At this point, I had 6 sober weeks under my belt, so going back to day zero really sucked. It felt like it had been forever, but my first learning from the data point is that six weeks is still eeeeeeearly days in the sober world. In retrospect, it was foolish to think I was strong enough to have drinking in my face for 3 days straight and not cave.

My second learning: the peripheral danger of a new day zero is how it affects my addicted voice. That little hooligan big-time capitalizes on a day zero to encourage future drinking. It says things like “you may as well have a drink tonight because you’re already on day zero. You have no momentum. Just start over again tomorrow.” That’s what kept me going a few more days afterward.

Now that I’m FINALLY back on the wagon (four days, whoop!), my third learning is recognizing how beautifully comfortable my sober space has become for me.
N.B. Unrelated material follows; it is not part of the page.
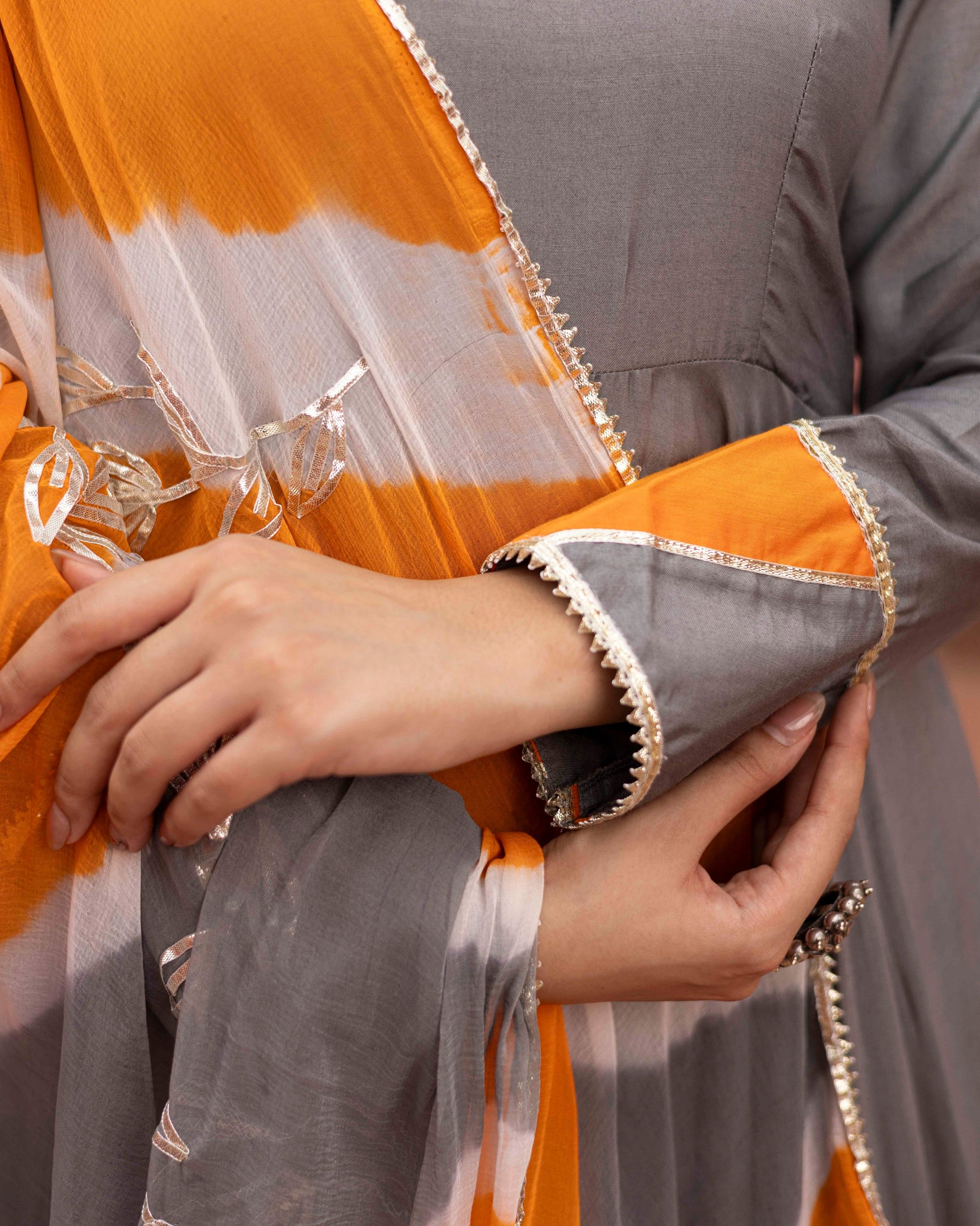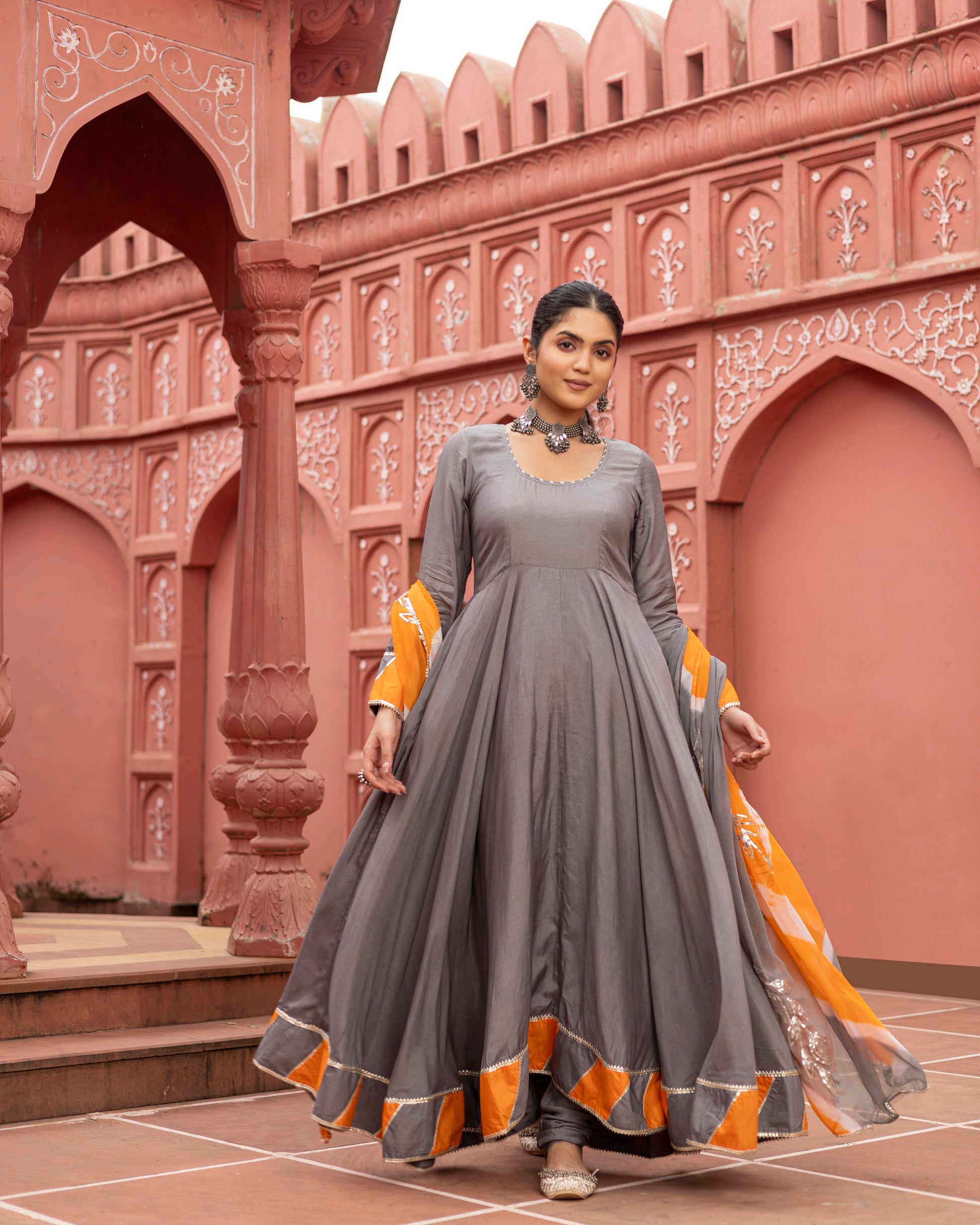 This set includes anarkali with pant and dupatta. Anarkali lined with mul. Dupatta is detailed with Gotta Patti work.

When you’re in the throes of addiction, it’s agony. The emotional thrashing, existing in a pit of stinky, gross shame and self-loathing is such a horrid place to live. Coming out of it feels like having a hot shower, a warm cup of tea, a solid meal and relaxing on the couch in front of the fire. It’s not fireworks, it’s not legendary, but it is oh so comfortable and comforting.

So – back to protecting my baby sobriety like my life depends on it. Because, well, it does!

No pink clouds

You hear a lot of people talk about the “pink cloud” in early sobriety. Apparently it’s a feeling of euphoria, of extreme pleasure in life and where you are and everything is just wonderful.

I haven’t felt that. I’ve actually felt remarkably sorta middle of the road.

Don’t get me wrong, it’s better than drinking. Better by a long shot! I would say it’s differently better though, like on a whole different spectrum of “better” than I could even be on when drinking. It’s like I used to be on highway 10, winding through a valley, thinking I liked the view of km 50 better than 20. Now I’m on a completely different highway that’s up on the mountains and I can see so much farther and it’s stunning! But I’m still just sitting in a car, driving through life.

I’ve honestly been okay with feeling a bit, well, “meh” because it has been SO much better than the agony of wanting to quit drinking and not being able to. And I feel so much more hopeful which, in and of itself, is an amazing thing. But I’ve wondered about that pink cloud.

Yesterday I listened to an Annie Grace podcast (This Naked Mind episode 320) talking about the pink cloud and the takeaway I got, from her breaking down the limited science on it, is that the pink cloud is not to be trusted. It’s often the people who feel it more intensely who end up relapsing. It’s like they get trapped up in the euphoria of sobriety and forget to be vigilant about watching for addiction triggers.

For me, these last 36 days, I have been vigilant. I’m feeling good but with an underlying wariness that I’m still in the danger zone. Maybe this is why I’m not in the pink cloud? I’ve decided that’s okay.

In an unrelated sober victory, my kids and I were doing our typical Saturday afternoon routine of hopping in the car, going to the river to throw rocks, then finding a playground to kill some time. Historically I’d enforce this time purely as an excuse to stop and buy wine on the way home. Friends, I went to bed yesterday and realized I hadn’t even thought about wine. I didn’t even glance off the highway at the no fewer than 5 liquor stores within easy stopping distance en route to the playground. VICTORY. Well, at least for that day.

Btw – 36 sober days under my belt. This is officially the longest I’ve been consecutively sober outside of pregnancy since I started drinking at 20!

I’d love to hear some stories of your early sober victories! They are so fun to read!